-- Extracted entries --
-*-*-

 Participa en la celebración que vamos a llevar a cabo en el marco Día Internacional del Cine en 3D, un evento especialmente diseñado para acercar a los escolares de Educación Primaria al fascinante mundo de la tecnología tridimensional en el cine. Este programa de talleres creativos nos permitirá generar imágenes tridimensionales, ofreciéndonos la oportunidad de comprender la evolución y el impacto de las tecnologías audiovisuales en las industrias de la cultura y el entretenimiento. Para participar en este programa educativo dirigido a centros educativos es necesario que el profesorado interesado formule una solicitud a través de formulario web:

-*-*-

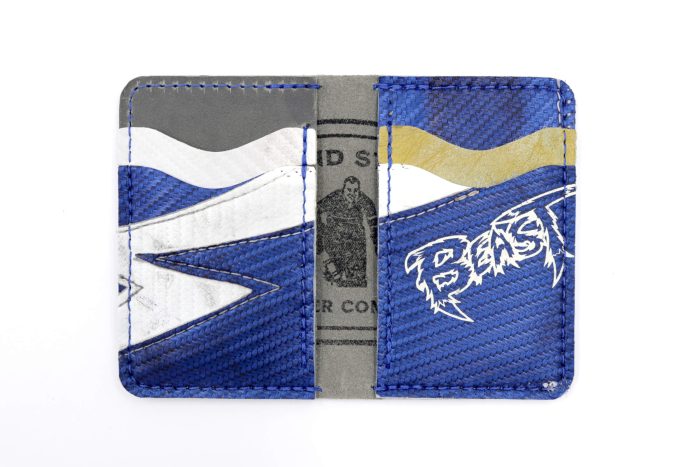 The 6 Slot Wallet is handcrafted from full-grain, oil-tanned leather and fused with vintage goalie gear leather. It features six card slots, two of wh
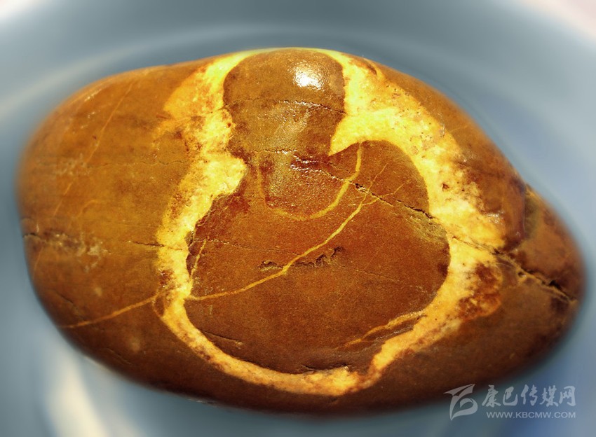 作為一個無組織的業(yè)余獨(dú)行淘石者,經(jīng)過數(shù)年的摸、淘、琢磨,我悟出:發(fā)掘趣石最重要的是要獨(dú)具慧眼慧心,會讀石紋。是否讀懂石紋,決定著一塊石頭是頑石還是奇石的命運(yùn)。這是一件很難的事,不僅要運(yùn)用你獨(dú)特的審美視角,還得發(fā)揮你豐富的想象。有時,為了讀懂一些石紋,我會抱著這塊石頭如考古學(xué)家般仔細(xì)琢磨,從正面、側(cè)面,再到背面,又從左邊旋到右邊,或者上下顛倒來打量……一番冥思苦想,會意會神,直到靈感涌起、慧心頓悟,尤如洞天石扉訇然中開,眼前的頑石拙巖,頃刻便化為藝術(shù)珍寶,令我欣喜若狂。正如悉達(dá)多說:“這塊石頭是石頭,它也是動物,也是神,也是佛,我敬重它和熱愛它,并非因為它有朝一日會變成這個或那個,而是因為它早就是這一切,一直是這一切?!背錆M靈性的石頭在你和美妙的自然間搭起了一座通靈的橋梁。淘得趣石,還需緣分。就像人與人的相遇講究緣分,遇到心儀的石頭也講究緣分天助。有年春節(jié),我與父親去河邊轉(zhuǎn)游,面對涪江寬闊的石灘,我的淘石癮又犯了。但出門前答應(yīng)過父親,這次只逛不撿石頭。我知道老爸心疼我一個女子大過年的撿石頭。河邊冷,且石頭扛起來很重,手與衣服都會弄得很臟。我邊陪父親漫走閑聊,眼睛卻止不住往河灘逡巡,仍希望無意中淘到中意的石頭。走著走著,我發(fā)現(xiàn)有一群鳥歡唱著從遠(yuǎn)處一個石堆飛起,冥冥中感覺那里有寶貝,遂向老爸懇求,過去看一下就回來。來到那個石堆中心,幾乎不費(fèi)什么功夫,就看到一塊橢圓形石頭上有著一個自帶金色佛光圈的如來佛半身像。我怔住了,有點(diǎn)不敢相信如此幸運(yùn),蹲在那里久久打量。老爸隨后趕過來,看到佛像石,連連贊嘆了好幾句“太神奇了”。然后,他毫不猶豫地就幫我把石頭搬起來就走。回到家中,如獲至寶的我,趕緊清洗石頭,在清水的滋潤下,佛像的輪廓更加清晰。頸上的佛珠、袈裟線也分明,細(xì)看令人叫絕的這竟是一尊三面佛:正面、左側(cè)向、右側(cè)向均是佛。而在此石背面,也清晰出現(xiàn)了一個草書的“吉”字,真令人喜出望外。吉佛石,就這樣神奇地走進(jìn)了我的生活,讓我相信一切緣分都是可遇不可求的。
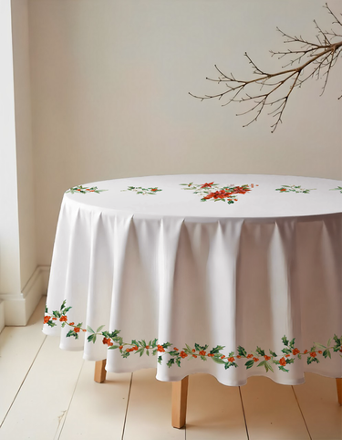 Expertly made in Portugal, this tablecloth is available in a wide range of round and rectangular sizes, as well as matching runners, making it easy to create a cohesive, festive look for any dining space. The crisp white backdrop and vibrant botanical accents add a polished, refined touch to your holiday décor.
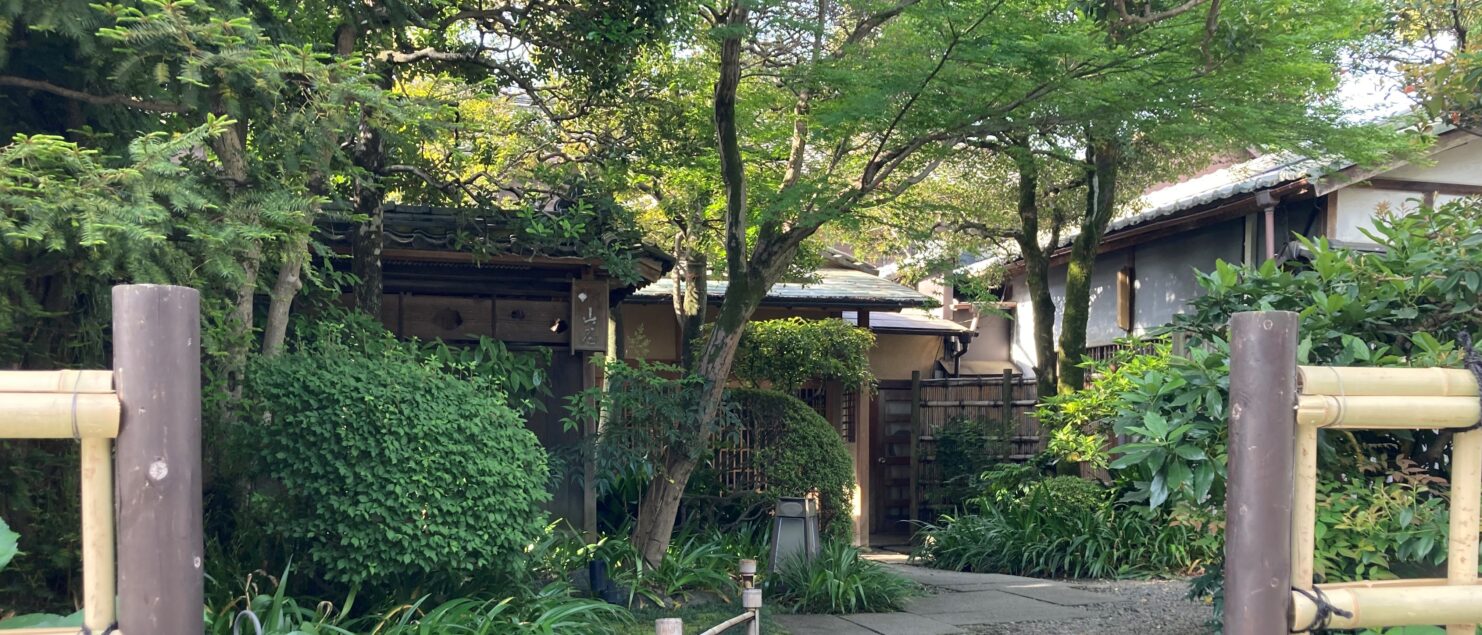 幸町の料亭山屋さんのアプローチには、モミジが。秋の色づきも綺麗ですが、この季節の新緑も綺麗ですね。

-*-*-

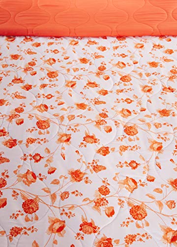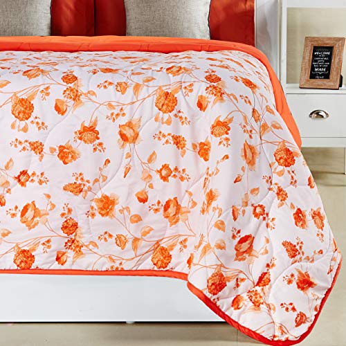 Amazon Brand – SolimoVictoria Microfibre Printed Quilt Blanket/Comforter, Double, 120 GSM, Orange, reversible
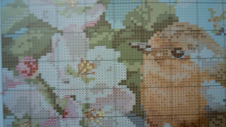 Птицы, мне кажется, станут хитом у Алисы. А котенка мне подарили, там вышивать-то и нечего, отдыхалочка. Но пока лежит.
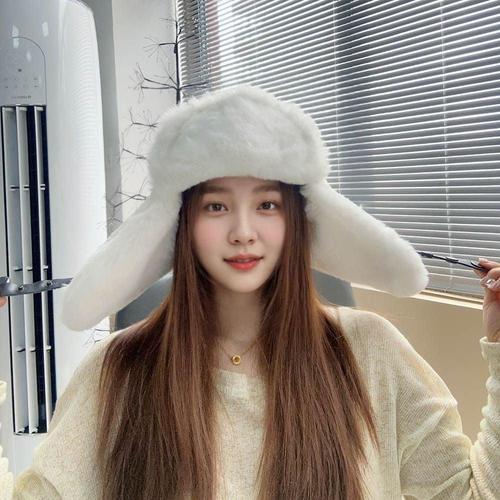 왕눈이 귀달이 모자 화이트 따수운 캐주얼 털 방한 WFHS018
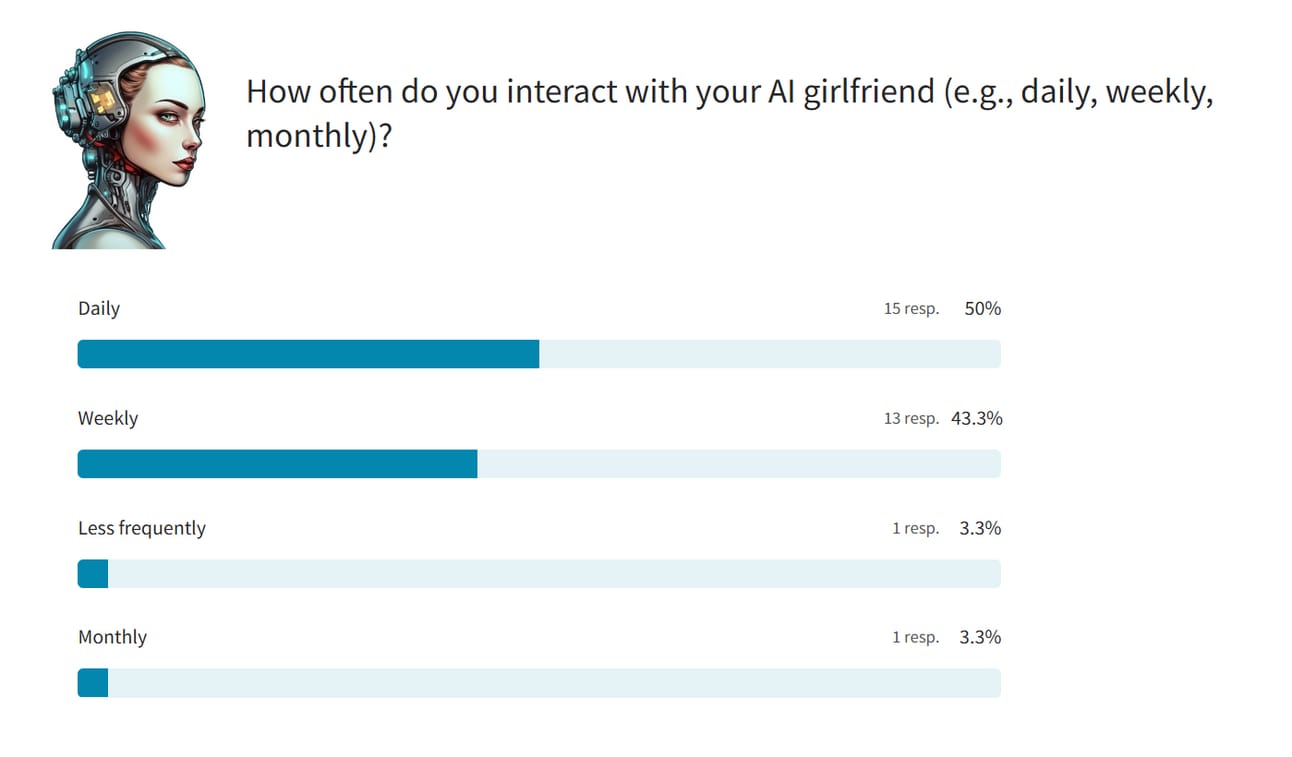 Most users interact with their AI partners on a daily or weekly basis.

-*-*-

Using the data above, return the lines from the one holding "왕눈이 귀달이 모자 화이트 따수운 캐주얼 털 방한 WFHS018" through the one holding "Most users interact" exactly, but not the pictures.

 왕눈이 귀달이 모자 화이트 따수운 캐주얼 털 방한 WFHS018
 Most users interact with their AI partners on a daily or weekly basis.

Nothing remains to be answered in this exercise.